#### [Material for this exercise]
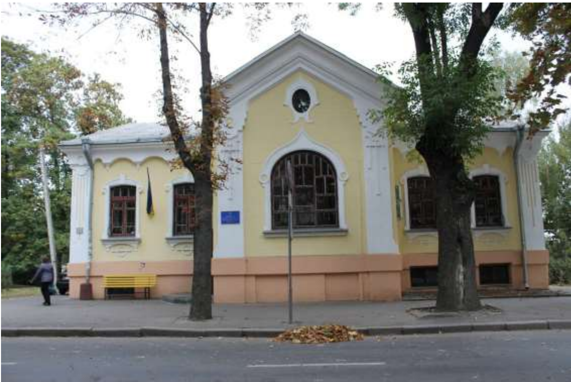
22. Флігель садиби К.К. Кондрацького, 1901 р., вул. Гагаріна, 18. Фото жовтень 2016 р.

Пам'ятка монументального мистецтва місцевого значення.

---

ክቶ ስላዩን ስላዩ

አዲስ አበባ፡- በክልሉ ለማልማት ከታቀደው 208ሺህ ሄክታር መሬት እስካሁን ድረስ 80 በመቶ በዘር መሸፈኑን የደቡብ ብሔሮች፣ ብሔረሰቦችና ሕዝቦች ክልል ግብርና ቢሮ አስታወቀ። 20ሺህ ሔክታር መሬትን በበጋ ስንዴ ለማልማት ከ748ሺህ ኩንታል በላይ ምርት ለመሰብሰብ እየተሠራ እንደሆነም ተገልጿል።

#### [What the task asks]
Using only the entries above, output the line with "22. Флігель садиби", the line with "Пам'ятка монументального мистецтва", and all lines between them, exactly as they stand.

#### [Exercise result]
22. Флігель садиби К.К. Кондрацького, 1901 р., вул. Гагаріна, 18. Фото жовтень 2016 р.

Пам'ятка монументального мистецтва місцевого значення.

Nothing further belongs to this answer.